Sure when you see the list of 70 articles, it looks compelling. However, a little thought should tell you that's it's pretty thin evidence for his claims. If you average it out, it's a mere 7 articles a year spread across the entire English speaking world. That not terribly surprising that some articles would be written about it, given the combination of some unusually cold weather and the not-yet-settled debate in the climate science about whether the long-term natural cooling trend (plus aerosols) or shorter-term anthropogenic warming trend would be the primary driver for climate change in the near future.

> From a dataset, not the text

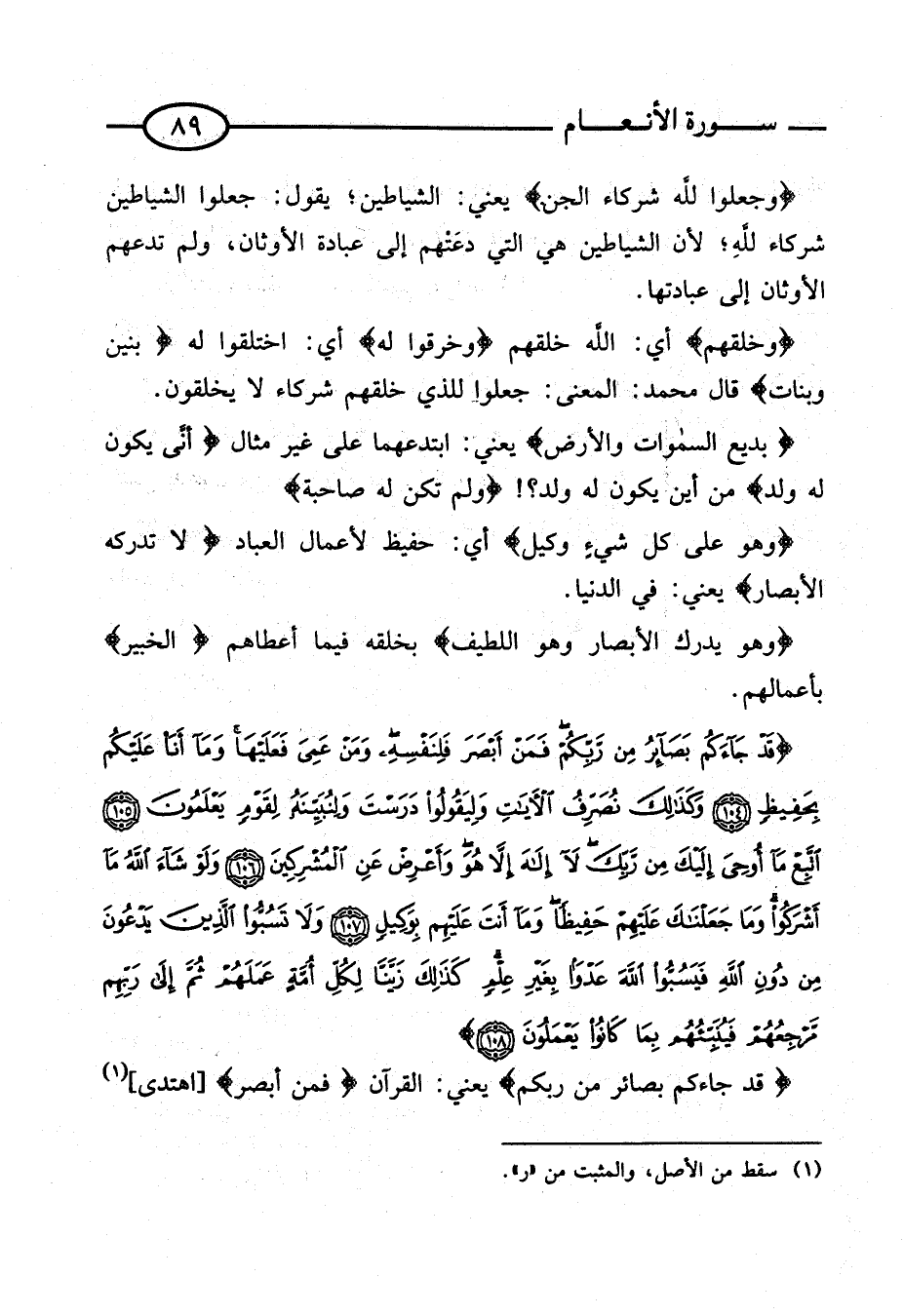 سُورَة الْأَنْعَام من الْآيَة (104) إِلَى الْآيَة (108).

Of course, as I often find when I look at the Watt's Up blog, the evidence only passes a friendly cursory review. Several of those 70 articles are repostings of the same article in different newpapers, and even more troubling is that some of the articles in that list aren't even about global cooling. For instance, they list a 1977 Times cover story called The Big Freeze. Apparently, it's about a cold and snowy winter, not a coming ice age.

Of course, this is not unexpected. Anthony Watts always seems to hold people who disagree with him to a much higher standard than those he agrees with. Just look at his treatment of Mueller who was an unquestionable god of climate science right up until he tried to tell Anthony Watts something he didn't want to hear, then suddenly he was a turn coat who sold out.

Comment Re:Five hundred years? (Score 1) 869

Think about it. Could you predict the sentiments of every human on the planet (over 4 billion) by asking the last 500 people born?

I think you need to think about this more. You are arguing that if I want to find out what people think about an issue now, let's say slavery, I should use a sample set that is spread across the entire lifetime of humanity. Is the opinion of someone who died 6000 years ago relevant to the modern view of slavery? Similarly, why would we care about the earth's climate 4 billion years ago, when determining if recent changes are man-made or not?

Comment Re:more pseudo science (Score 1) 869

When you are asked to peer review an article do you take it on faith that the author is correct, or do you check his work to see if he made any mistakes?

The claim isn't that you're perfect or all knowing, it's that you don't blindly trust your fellow scientists and instead subject their claims to scrutiny, especially when they are within your field of expertise.